## ACTION ITEM
What's wanted is a faithful retyping of every entry, pictures excluded.

(Stored data entries)
-- Opening Marker --

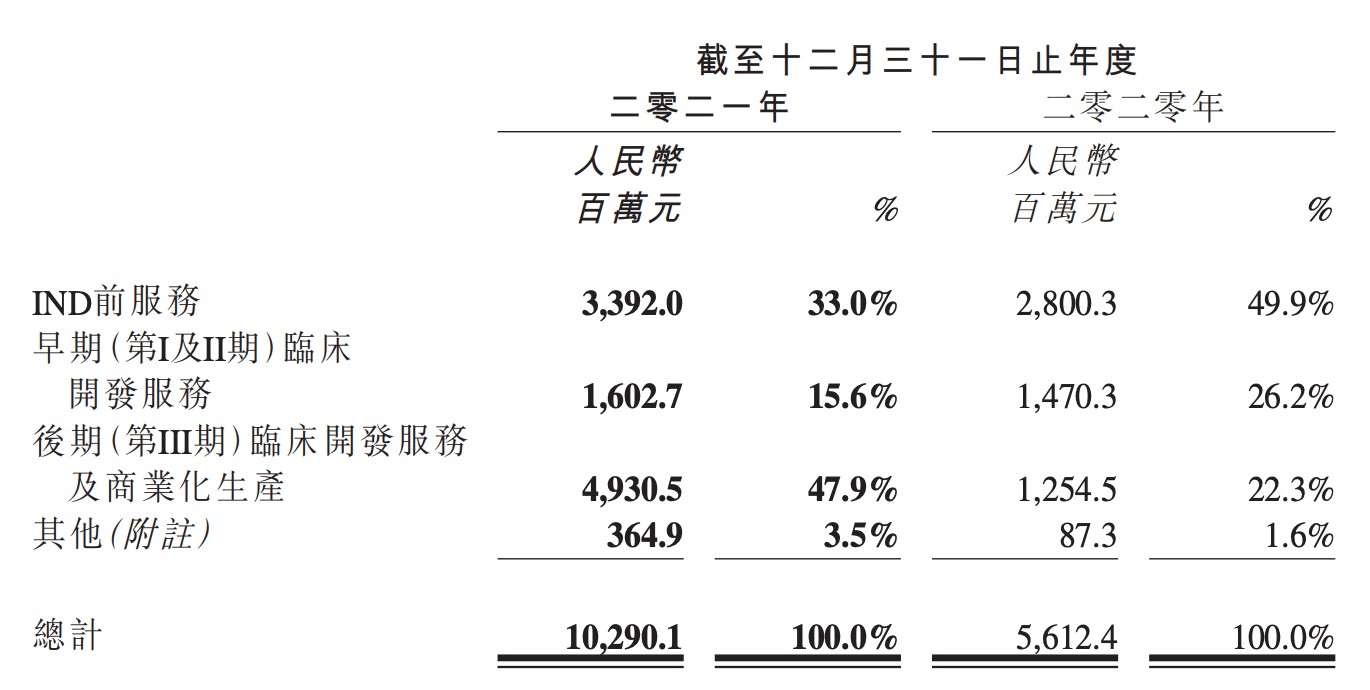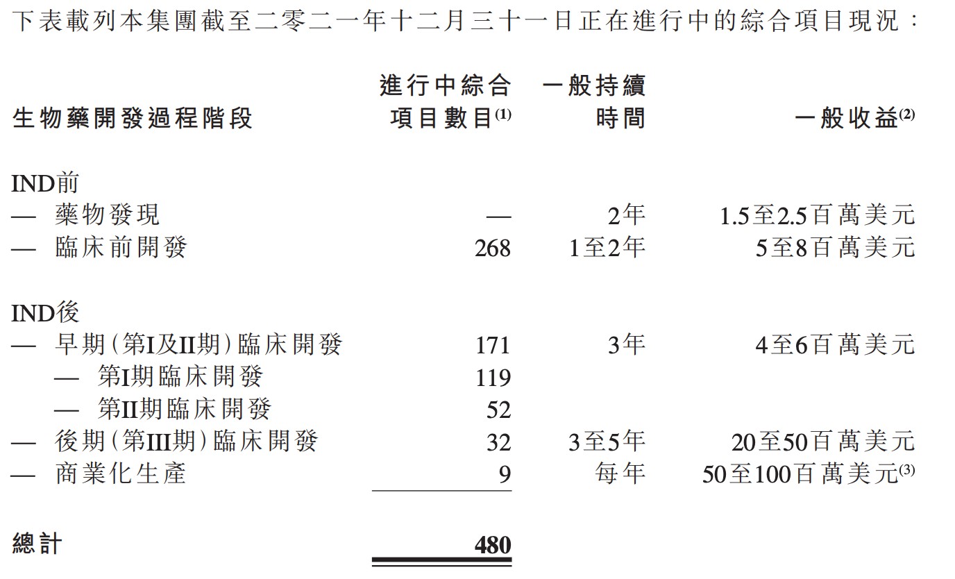 药明生物在年报中提到,公司综合项目由上年同期的 334 个,增长 43.7% 至 21 年 480 个。
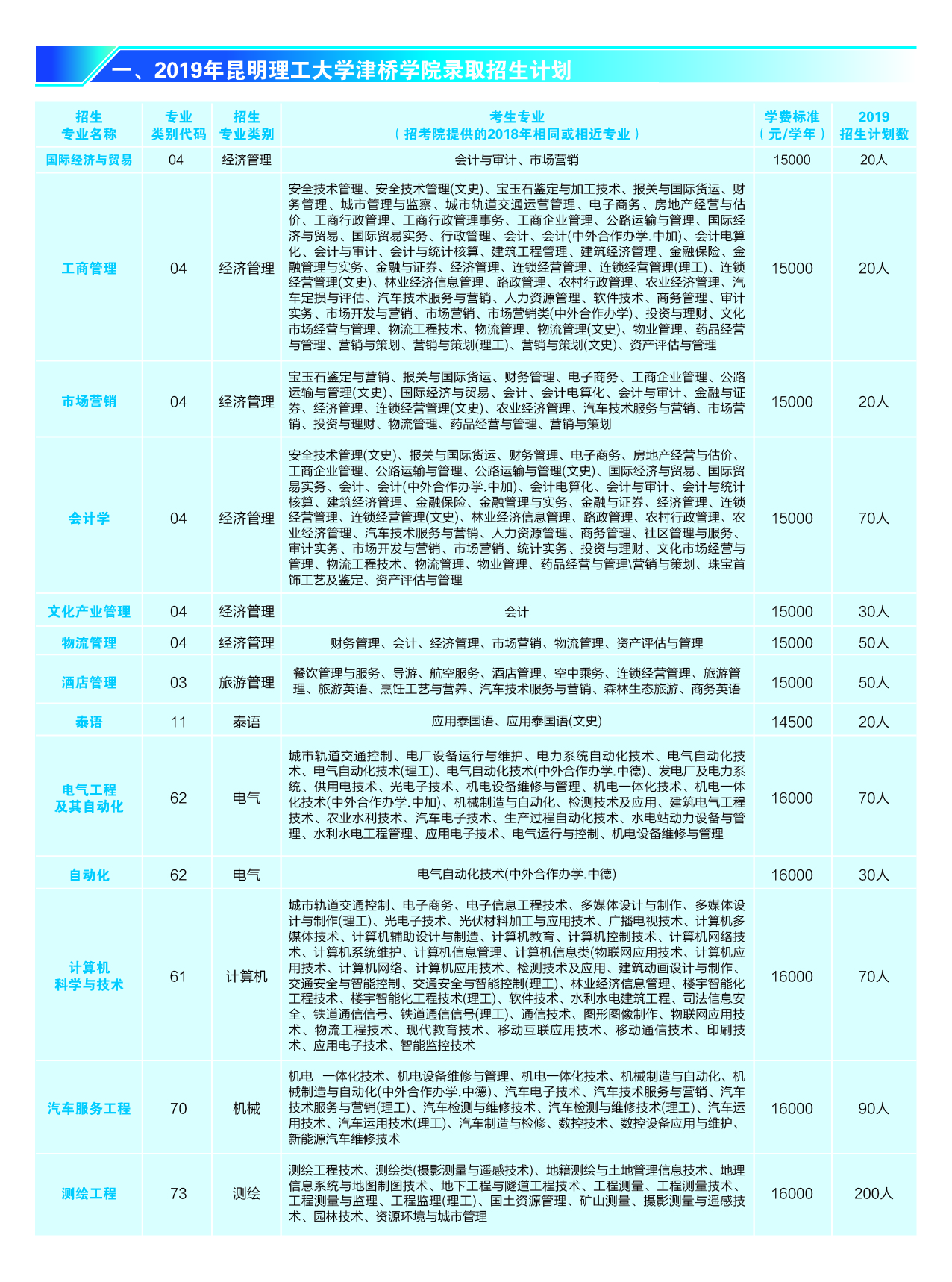 昆明理工大學津橋?qū)W院2019年專升本招生簡章
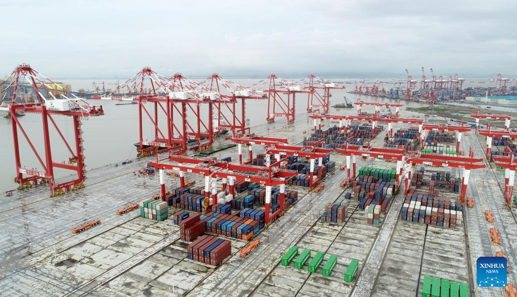 This aerial photo taken on June 16, 2022 shows the fully-automated pier at the Nansha port in Guangzhou, south China's Guangdong Province. Guangzhou has a history of more than 2,000 years. The city has been a place of cultural integration between Chinese and foreign cultures since ancient times. It has manifested the openness and inclusiveness involved with Chinese culture. (Xinhua/Lu Hanxin)
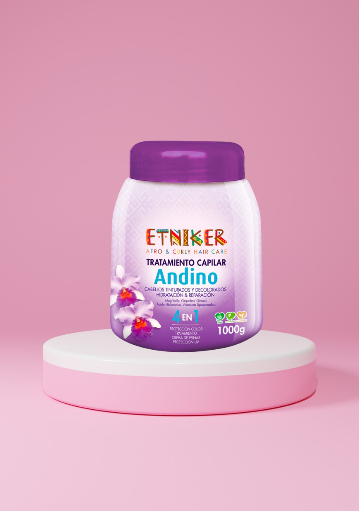 Repara, fortalece y revitaliza tu cabello con el Tratamiento Andino de Etniker, una fórmula intensiva inspirada en los nutrientes naturales de la región andina. Su combinación de ingredientes activos hidrata profundamente, restaura la fibra capilar y devuelve el brillo natural al cabello.
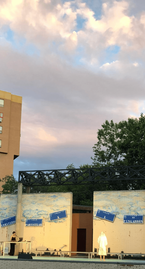 Al re-enviar a mi correo una de las fotos que hice anoche en la función, he puesto en el asunto: «Luz en el pozo». Y si, la referencia está bien porque la función se realizó en el Auditorio del Pozo del Tío Raimundo, un lugar para la cultura que está visibilizando 21 Distritos y que está incrustado entre edificios. Durante la función no pude dejar de contemplar la composición espacial que resultaba de los edificios de viviendas con los árboles y el cielo abierto. Un lugar extraño y frío para una pieza ritual como la que interpretaron Luz Arcas y Le Parody y, sin embargo, poco a poco fue desapareciendo todo ese artificio exterior para concentrar nuestra atención en ese viaje de fusión de cuerpo y sonidos. En esta pieza que parece una jazz sesión de música contemporánea con aroma tradicional que inspira al imaginario de Luz para generar sensaciones dolientes que se quedan suspendidas en el aire mientras atraviesan nuestro pecho. Y así, gracias de nuevo al rito en vivo…»La luz inundó el pozo».

-- Closing Marker --

## EXPECTED OUTPUT
 药明生物在年报中提到,公司综合项目由上年同期的 334 个,增长 43.7% 至 21 年 480 个。
 昆明理工大學津橋?qū)W院2019年專升本招生簡章
 This aerial photo taken on June 16, 2022 shows the fully-automated pier at the Nansha port in Guangzhou, south China's Guangdong Province. Guangzhou has a history of more than 2,000 years. The city has been a place of cultural integration between Chinese and foreign cultures since ancient times. It has manifested the openness and inclusiveness involved with Chinese culture. (Xinhua/Lu Hanxin)
 Repara, fortalece y revitaliza tu cabello con el Tratamiento Andino de Etniker, una fórmula intensiva inspirada en los nutrientes naturales de la región andina. Su combinación de ingredientes activos hidrata profundamente, restaura la fibra capilar y devuelve el brillo natural al cabello.
 Al re-enviar a mi correo una de las fotos que hice anoche en la función, he puesto en el asunto: «Luz en el pozo». Y si, la referencia está bien porque la función se realizó en el Auditorio del Pozo del Tío Raimundo, un lugar para la cultura que está visibilizando 21 Distritos y que está incrustado entre edificios. Durante la función no pude dejar de contemplar la composición espacial que resultaba de los edificios de viviendas con los árboles y el cielo abierto. Un lugar extraño y frío para una pieza ritual como la que interpretaron Luz Arcas y Le Parody y, sin embargo, poco a poco fue desapareciendo todo ese artificio exterior para concentrar nuestra atención en ese viaje de fusión de cuerpo y sonidos. En esta pieza que parece una jazz sesión de música contemporánea con aroma tradicional que inspira al imaginario de Luz para generar sensaciones dolientes que se quedan suspendidas en el aire mientras atraviesan nuestro pecho. Y así, gracias de nuevo al rito en vivo…»La luz inundó el pozo».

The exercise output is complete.